Content starts

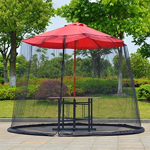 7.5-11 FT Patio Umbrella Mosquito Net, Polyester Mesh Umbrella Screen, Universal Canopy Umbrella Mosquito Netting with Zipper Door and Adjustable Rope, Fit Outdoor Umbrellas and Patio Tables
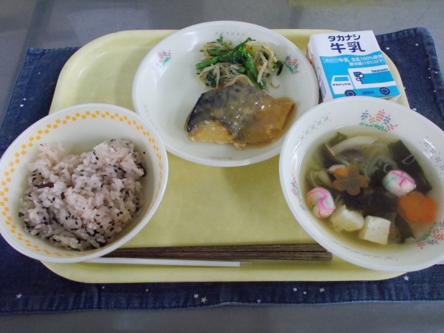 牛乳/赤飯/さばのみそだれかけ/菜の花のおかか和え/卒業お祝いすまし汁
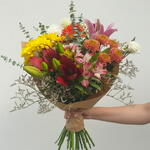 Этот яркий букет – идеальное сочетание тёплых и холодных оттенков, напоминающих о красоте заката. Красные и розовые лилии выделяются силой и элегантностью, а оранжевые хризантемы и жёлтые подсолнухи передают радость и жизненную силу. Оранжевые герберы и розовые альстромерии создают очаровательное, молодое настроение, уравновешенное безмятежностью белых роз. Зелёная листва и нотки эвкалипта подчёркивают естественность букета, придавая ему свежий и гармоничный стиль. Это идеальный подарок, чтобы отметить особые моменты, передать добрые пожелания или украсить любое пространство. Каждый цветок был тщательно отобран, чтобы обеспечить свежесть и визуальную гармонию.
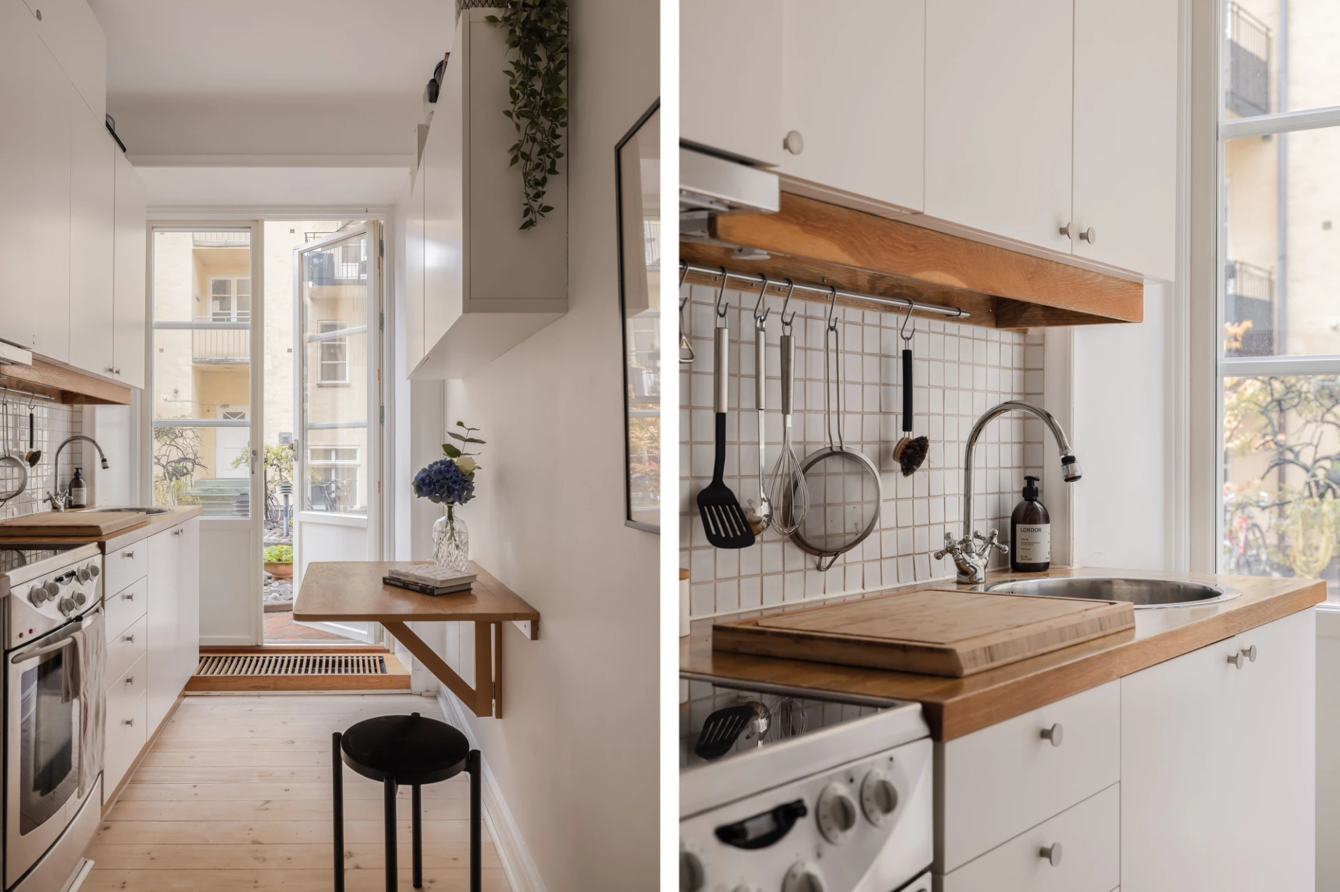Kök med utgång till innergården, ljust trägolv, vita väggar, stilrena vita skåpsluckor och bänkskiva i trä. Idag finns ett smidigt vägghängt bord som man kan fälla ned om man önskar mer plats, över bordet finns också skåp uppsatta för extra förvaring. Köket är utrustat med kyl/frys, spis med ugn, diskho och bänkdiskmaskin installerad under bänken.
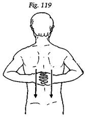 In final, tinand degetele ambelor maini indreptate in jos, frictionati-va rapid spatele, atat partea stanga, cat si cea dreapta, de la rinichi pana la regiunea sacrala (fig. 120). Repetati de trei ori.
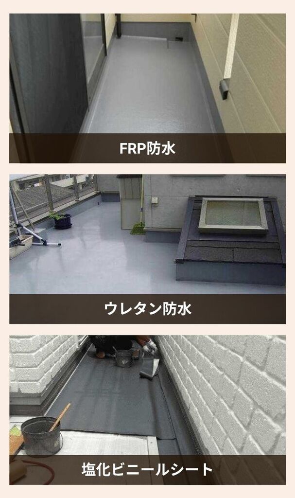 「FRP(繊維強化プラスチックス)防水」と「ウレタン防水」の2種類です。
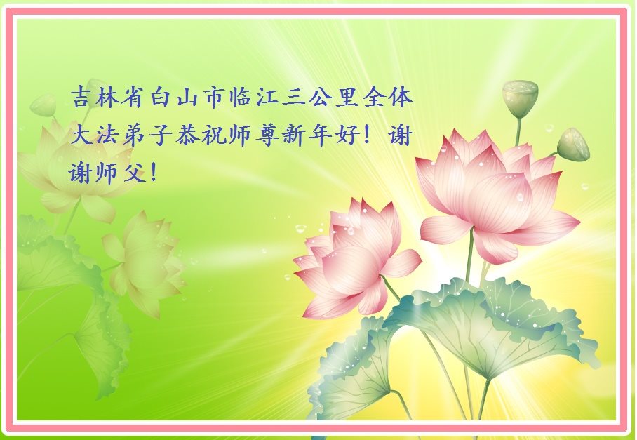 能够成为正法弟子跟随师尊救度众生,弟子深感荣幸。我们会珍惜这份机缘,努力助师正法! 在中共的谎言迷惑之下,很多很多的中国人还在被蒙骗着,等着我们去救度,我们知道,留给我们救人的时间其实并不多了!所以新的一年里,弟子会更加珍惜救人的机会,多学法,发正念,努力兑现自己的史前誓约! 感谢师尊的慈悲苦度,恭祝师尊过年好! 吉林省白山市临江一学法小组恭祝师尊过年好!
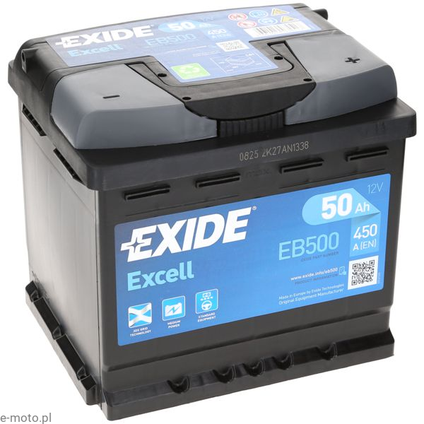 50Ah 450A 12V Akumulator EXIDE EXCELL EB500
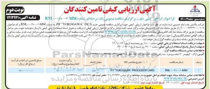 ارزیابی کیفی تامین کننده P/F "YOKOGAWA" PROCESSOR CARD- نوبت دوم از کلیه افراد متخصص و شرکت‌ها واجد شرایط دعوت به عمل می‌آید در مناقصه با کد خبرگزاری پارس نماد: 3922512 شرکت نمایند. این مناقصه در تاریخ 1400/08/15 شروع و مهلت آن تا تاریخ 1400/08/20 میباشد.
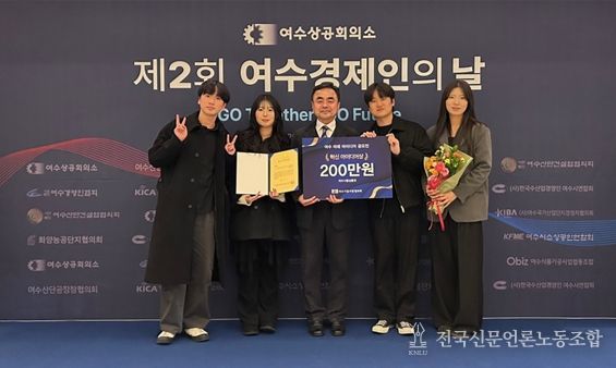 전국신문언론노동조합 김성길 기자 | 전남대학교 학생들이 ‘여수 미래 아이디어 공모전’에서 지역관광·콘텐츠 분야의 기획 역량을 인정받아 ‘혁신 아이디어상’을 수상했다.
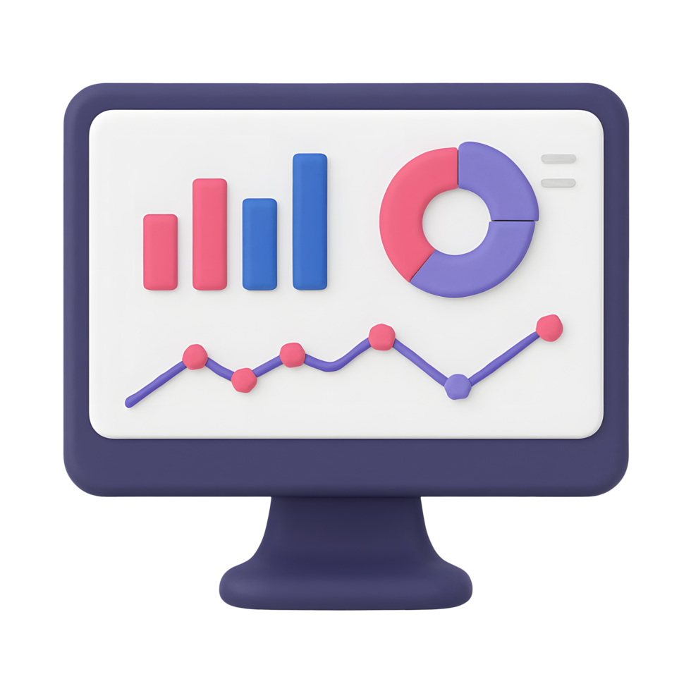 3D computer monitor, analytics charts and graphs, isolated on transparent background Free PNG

Content ends

Exercise objective >> Output the full listing verbatim; pictures stay out.

Answer section >>
 7.5-11 FT Patio Umbrella Mosquito Net, Polyester Mesh Umbrella Screen, Universal Canopy Umbrella Mosquito Netting with Zipper Door and Adjustable Rope, Fit Outdoor Umbrellas and Patio Tables
 牛乳/赤飯/さばのみそだれかけ/菜の花のおかか和え/卒業お祝いすまし汁
 Этот яркий букет – идеальное сочетание тёплых и холодных оттенков, напоминающих о красоте заката. Красные и розовые лилии выделяются силой и элегантностью, а оранжевые хризантемы и жёлтые подсолнухи передают радость и жизненную силу. Оранжевые герберы и розовые альстромерии создают очаровательное, молодое настроение, уравновешенное безмятежностью белых роз. Зелёная листва и нотки эвкалипта подчёркивают естественность букета, придавая ему свежий и гармоничный стиль. Это идеальный подарок, чтобы отметить особые моменты, передать добрые пожелания или украсить любое пространство. Каждый цветок был тщательно отобран, чтобы обеспечить свежесть и визуальную гармонию.
Kök med utgång till innergården, ljust trägolv, vita väggar, stilrena vita skåpsluckor och bänkskiva i trä. Idag finns ett smidigt vägghängt bord som man kan fälla ned om man önskar mer plats, över bordet finns också skåp uppsatta för extra förvaring. Köket är utrustat med kyl/frys, spis med ugn, diskho och bänkdiskmaskin installerad under bänken.
 In final, tinand degetele ambelor maini indreptate in jos, frictionati-va rapid spatele, atat partea stanga, cat si cea dreapta, de la rinichi pana la regiunea sacrala (fig. 120). Repetati de trei ori.
 「FRP(繊維強化プラスチックス)防水」と「ウレタン防水」の2種類です。
 能够成为正法弟子跟随师尊救度众生,弟子深感荣幸。我们会珍惜这份机缘,努力助师正法! 在中共的谎言迷惑之下,很多很多的中国人还在被蒙骗着,等着我们去救度,我们知道,留给我们救人的时间其实并不多了!所以新的一年里,弟子会更加珍惜救人的机会,多学法,发正念,努力兑现自己的史前誓约! 感谢师尊的慈悲苦度,恭祝师尊过年好! 吉林省白山市临江一学法小组恭祝师尊过年好!
 50Ah 450A 12V Akumulator EXIDE EXCELL EB500
 ارزیابی کیفی تامین کننده P/F "YOKOGAWA" PROCESSOR CARD- نوبت دوم از کلیه افراد متخصص و شرکت‌ها واجد شرایط دعوت به عمل می‌آید در مناقصه با کد خبرگزاری پارس نماد: 3922512 شرکت نمایند. این مناقصه در تاریخ 1400/08/15 شروع و مهلت آن تا تاریخ 1400/08/20 میباشد.
 전국신문언론노동조합 김성길 기자 | 전남대학교 학생들이 ‘여수 미래 아이디어 공모전’에서 지역관광·콘텐츠 분야의 기획 역량을 인정받아 ‘혁신 아이디어상’을 수상했다.
 3D computer monitor, analytics charts and graphs, isolated on transparent background Free PNG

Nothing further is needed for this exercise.